Every word, every detail from the beginning of page 1 should conspire to envelop the reader in the story. The text has to be real, sensory, emotionally evocative. The characters must be there from the beginning, with their fears, their danger, their terrible trouble.

The following are some items of advice I've gleaned from years of unsuccessful noveling. If they can be of help to anyone else, that's great. At worst, they will be a reminder to me of what to look for on the next draft.

Don't start with the character's name. The reader has no reference for it, no emotional content, so it's just squiggles on the page. Let us be curious about the person's name before we get it.

That's why it works so much better to start with a flyover concept: “It is a truth universally acknowledged, that a single man in possession of a good fortune, must be in want of a wife” (Pride and Prejudice). "Happy families are all alike; every unhappy family is unhappy in its own way" (Anna Karenina). "Many years later, as he faced the firing squad, Colonel Aureliano Buendia was to remember that distant afternoon when his father took him to discover ice" (One Hundred Years of Solitude). Not only is it broadly true -- or at least debatable -- but it hits at the depth of our own experience (OK, most people haven't faced a firing squad or remembered the day we discovered ice, but we can identify with our childhood memories coming back to us at the hour of our death -- a nice twofer by Marquez). Not everybody can write one of the greatest sentences in literary history, but we all can aim high.

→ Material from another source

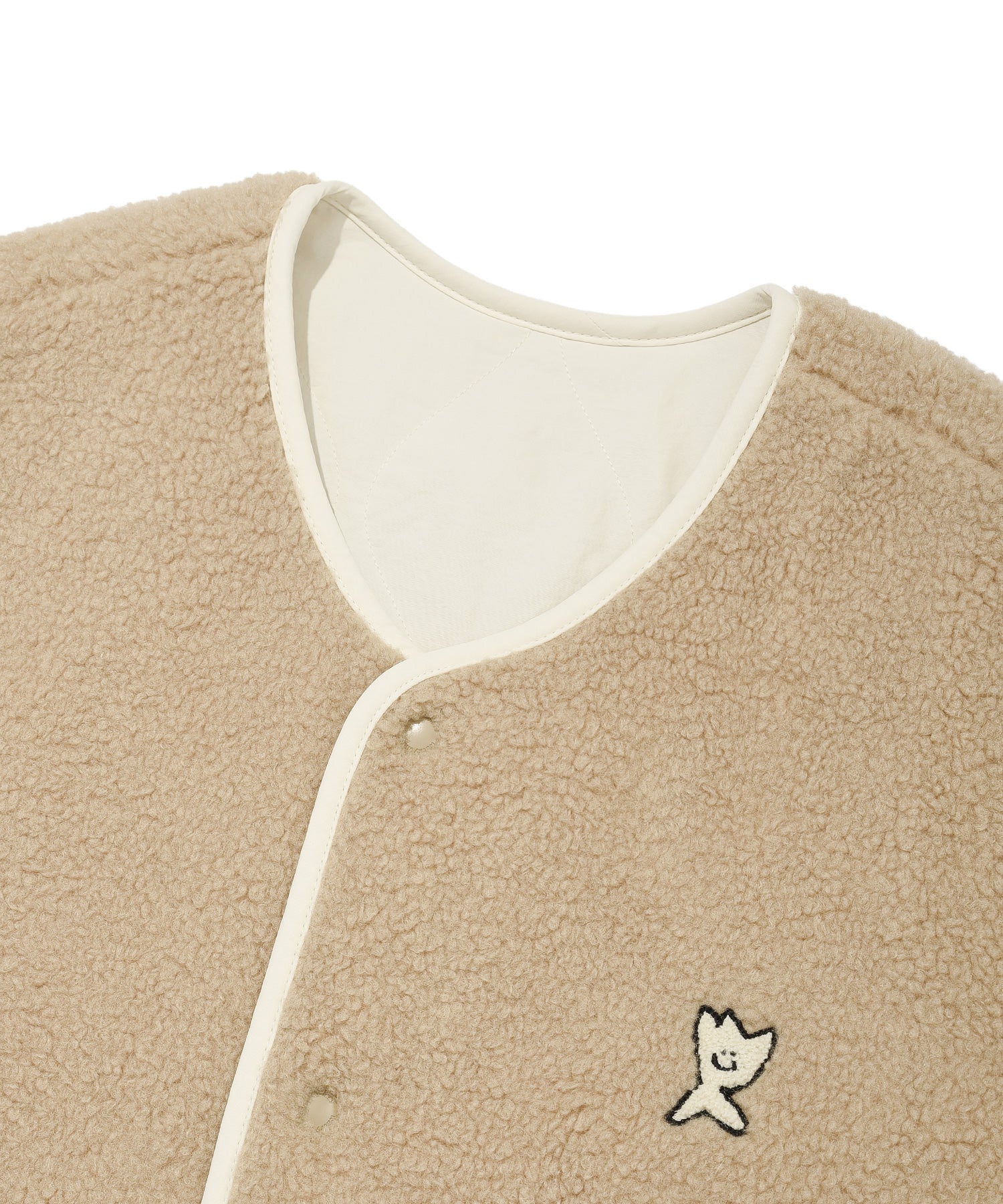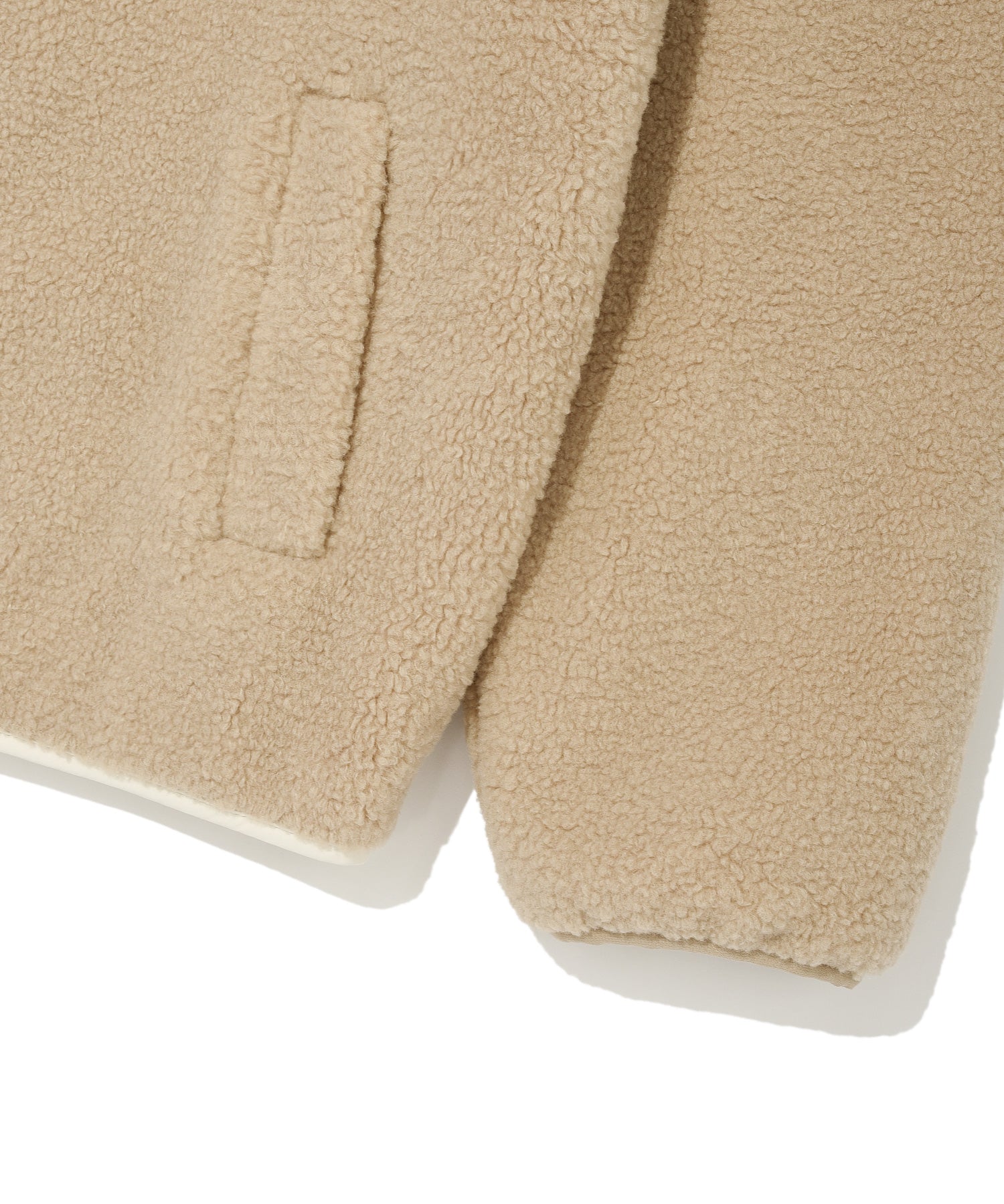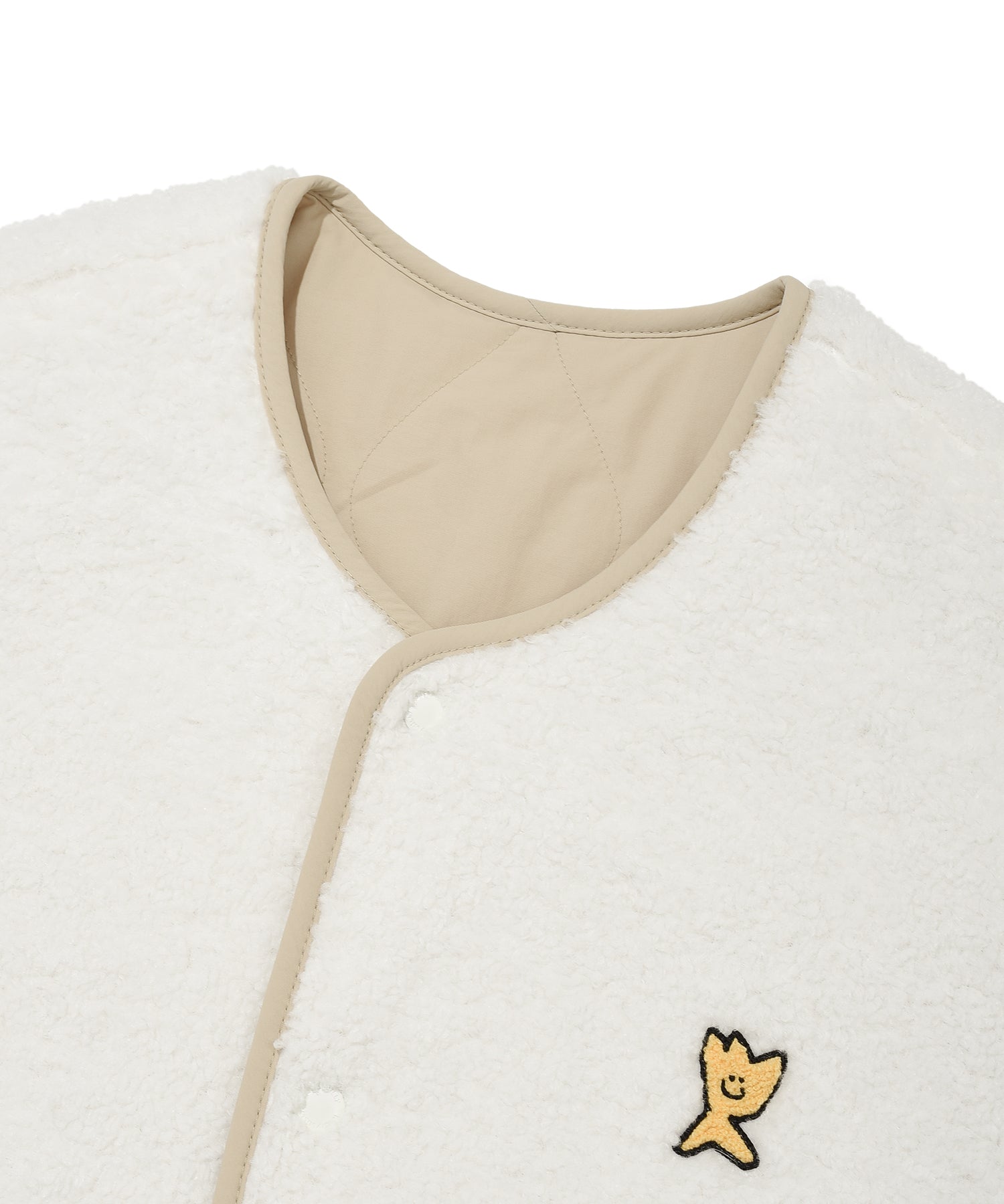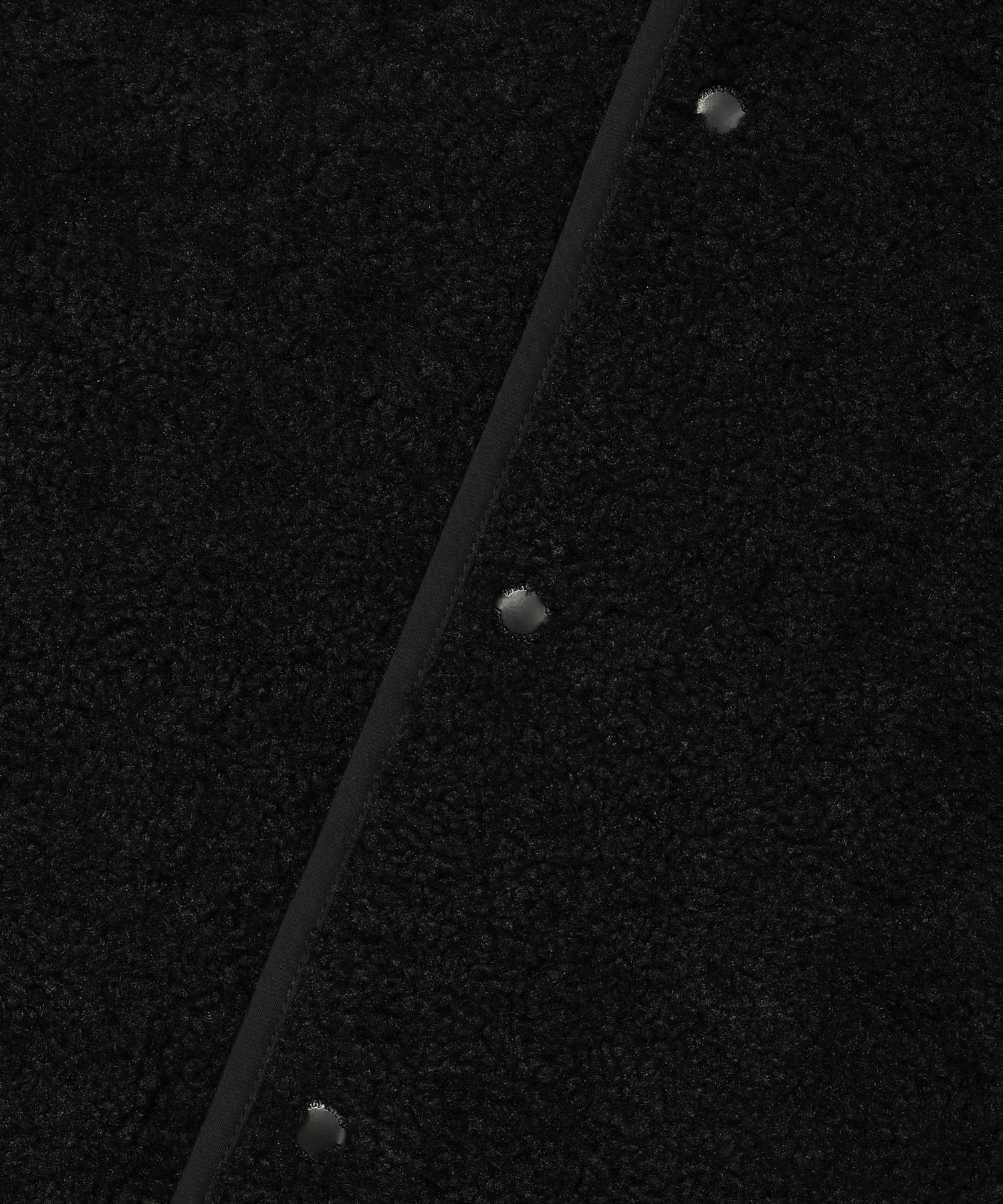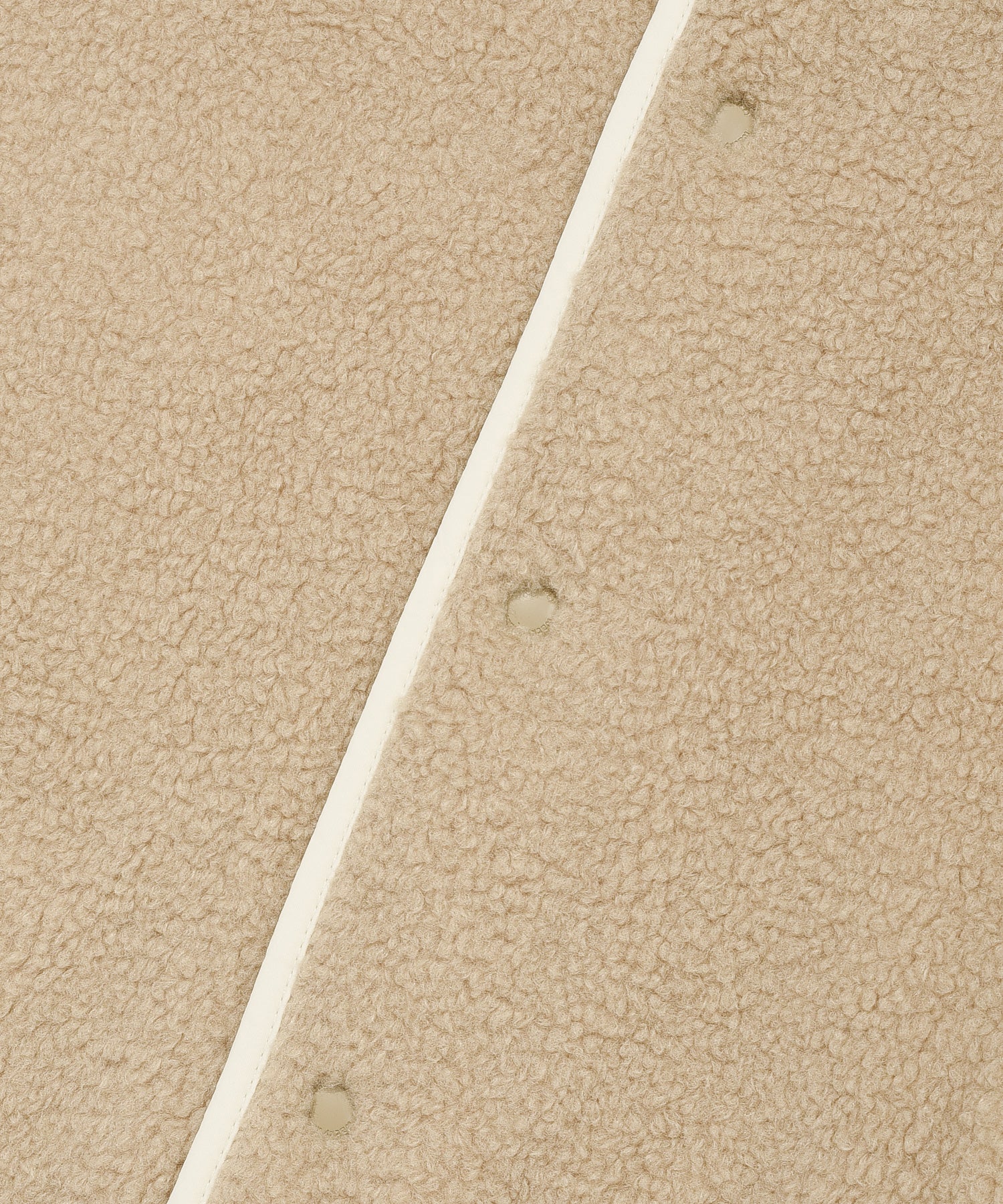 トーンオントーンのベーシックカラーでまとめ、フリース部分には表面に凹凸感のあるコットン素材の刺繍ワッペンをあしらいました。

Marquez's twofer above captures a character in trouble. It's been a while since I read One Hundred Years of Solitude, but I don't thing he got back to Col. Aureliano Buendia's facing the firing squad for another hundred or more pages. I didn't care. I was hooked into the world that I can still see when I remember it.

The character needs a goal or a problem or a goal and then a problem or a problem added to a goal complicated by another problem. If everything's OK, why do you need me along? the reader thinks, and goes back to the television -- or real life.

Not an exhaustive list, but it's all I know right now. Maybe I'll get back to it later, when I learn some more.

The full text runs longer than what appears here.